Zanzarah: Catching ’em All

The plot of Zanzarah is pretty standard fantasy-game fare: a shadow has fallen upon the land, a prophesied hero must set it right. No one knows quite what the source of the evil is, but it’s harassing the cities with posses of fairy-wielding Dark Elves (portrayed here as light-skinned but wearing dark outfits), and apparently is also responsible for getting the wild fairies so agitated. Normally they’d be peacefully flitting about and laughing and sipping nectar from flowers and replacing human children with changelings and so forth, not attacking people on the road. (Although I have to wonder if my captive fairies have something to do with that. You’re not allowed out into the wild until you have a fairy of your own, so it’s impossible to tell how they’d behave towards someone who wasn’t enslaving their people.) So your goal is to fulfill the prophecy and stop all that.

But there is of course a second goal, an implicit one: catching ’em all.
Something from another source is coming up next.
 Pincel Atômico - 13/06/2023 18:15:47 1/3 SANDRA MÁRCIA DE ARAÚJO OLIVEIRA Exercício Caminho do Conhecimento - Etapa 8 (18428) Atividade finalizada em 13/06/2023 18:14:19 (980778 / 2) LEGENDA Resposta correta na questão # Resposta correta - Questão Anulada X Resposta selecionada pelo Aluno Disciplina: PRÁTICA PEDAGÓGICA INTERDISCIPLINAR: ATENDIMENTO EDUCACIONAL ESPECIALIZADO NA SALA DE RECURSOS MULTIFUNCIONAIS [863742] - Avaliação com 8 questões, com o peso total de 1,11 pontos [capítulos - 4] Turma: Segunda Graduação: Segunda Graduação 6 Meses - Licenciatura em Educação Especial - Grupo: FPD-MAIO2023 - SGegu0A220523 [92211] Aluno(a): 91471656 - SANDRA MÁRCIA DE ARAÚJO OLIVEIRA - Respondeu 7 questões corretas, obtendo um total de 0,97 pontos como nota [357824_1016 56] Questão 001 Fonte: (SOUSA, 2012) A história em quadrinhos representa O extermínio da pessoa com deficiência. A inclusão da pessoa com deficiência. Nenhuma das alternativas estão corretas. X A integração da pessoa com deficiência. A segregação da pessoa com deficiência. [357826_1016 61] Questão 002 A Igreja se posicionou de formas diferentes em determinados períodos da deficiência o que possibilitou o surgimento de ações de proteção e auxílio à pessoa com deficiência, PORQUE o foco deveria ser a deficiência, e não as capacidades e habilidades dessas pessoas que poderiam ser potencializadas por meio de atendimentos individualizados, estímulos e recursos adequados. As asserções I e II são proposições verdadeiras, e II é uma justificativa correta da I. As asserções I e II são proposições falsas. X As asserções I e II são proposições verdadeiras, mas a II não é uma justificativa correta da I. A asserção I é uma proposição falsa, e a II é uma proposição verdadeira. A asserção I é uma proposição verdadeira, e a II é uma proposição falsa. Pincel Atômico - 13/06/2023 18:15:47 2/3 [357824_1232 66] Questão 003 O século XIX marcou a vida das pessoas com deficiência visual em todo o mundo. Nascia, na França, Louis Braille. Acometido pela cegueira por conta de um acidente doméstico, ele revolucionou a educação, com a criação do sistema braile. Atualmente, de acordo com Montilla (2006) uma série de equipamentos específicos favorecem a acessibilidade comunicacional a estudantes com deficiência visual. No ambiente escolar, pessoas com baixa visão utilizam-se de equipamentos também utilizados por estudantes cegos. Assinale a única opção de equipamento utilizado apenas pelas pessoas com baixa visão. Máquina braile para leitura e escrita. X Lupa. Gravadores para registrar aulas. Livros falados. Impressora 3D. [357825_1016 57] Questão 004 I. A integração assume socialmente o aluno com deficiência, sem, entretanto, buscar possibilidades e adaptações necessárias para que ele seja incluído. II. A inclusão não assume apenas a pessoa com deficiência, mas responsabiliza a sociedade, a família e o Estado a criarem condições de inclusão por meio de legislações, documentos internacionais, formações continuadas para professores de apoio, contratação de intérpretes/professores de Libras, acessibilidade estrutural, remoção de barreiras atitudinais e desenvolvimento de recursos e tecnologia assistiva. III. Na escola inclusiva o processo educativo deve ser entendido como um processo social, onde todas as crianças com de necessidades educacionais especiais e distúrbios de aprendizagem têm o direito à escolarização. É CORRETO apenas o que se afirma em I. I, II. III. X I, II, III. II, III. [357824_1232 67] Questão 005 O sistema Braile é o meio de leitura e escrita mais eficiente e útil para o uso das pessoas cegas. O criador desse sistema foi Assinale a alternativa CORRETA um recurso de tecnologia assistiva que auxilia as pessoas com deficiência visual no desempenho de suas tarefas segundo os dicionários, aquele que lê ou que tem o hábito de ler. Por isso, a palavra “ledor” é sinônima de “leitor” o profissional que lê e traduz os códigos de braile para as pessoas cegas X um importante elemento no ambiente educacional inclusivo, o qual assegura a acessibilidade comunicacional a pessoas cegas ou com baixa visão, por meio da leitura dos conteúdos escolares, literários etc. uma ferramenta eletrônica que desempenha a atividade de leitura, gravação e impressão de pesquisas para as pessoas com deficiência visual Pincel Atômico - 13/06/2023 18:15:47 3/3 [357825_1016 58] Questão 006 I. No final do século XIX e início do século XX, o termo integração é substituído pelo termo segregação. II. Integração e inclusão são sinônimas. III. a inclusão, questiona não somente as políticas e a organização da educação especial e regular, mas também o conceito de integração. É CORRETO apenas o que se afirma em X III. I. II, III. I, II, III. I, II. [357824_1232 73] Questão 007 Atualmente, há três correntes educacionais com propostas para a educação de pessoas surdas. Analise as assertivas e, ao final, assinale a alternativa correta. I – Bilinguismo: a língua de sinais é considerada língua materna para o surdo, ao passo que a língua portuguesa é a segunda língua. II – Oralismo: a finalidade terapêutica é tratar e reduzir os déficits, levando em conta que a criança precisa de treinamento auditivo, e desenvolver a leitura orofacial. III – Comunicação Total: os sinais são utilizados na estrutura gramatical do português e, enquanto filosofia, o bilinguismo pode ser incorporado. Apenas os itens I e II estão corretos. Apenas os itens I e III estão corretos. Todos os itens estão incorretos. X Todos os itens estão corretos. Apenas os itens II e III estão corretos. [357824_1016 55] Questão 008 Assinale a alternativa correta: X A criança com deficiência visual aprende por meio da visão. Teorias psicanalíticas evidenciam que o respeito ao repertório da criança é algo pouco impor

One of the basic UI overlays, along with the inventory and the map, is the Pokédex-like “Fairy Book”. Since this is a PC game instead of a Gameboy game, it can fit every type of fairy on the screen at once as a nice grid of icons, with empty boxes for the ones you don’t have. Those boxes just beg to be filled in. Best of all, since this is a single-player game, it should be feasible! None of this nonsense of trying to find trading partners and failing because the game is nearly a decade old. Every species that exists can be found and caught, or evolved from something that can be found and caught.

So it’s a bit of a shame that they messed it up. Unlike Pokémon, where every pokémon species you’ve handled goes into your Pokédex permanently, the Fairy Book only lists those species you have currently. If you evolve one of your fairies into a more powerful form, it leaves a hole in the grid where its old form was. Well, okay, you caught it once, you can catch it again if it really matters to you. Except that in some cases you can’t. There exist unique fairies. I have an “energy”-type (electric) fairy that supposedly there are only two of in the world. It evolves through at least three forms. There’s an NPC that offers a unique fairy in trade for something I haven’t got yet. Once you get it, you’re apparently expected to trade it away to another NPC. And yeah, once you’ve had and lost these things, you know that you’ve had them. But that’s not as satisfying as watching the grid in the Fairy Book fill up.

Game designers don’t always correctly anticipate how people will react to or use their designs. For elements they consider minor, even playtesting doesn’t necessarily help. I’m assuming that there are other players who shared my reaction to the fairy grid, but the designers were probably thinking of it as a reference guide to your current options, rather than as a score card. This is the sort of problem I’d expect to see addressed in a sequel, if there were any chance of one.

3 Comments so far

  1. required on July 3rd, 2009

    The unique fairies are not exactly unique. The Fairy Book can be filled up no problem, I did this on my first playthrough (took me aboot 60 hours, but I’m sure that’s not a world record).

  2. Roy on September 8th, 2011

    i just have one problem and it’s in darbue , i can’t find one
    1. i baught it from a dwarf and i turned it into lighbue
    2. i found bue in the ruine of the forest
    but where can i find darbue
    P.S. : in monagham there is the wife of lass she owns darbue i think how can i get it from her??

  3. Roy on September 8th, 2011

    hi i have them all but i can’t find darbue
    i baught it from a dwarf and i turned it into lightbue
    then i found bue in the ruins of the forest
    but where can i find darbue?
    P.S. : in monagham the wife of lasse have darbue i think how can i get it from her ???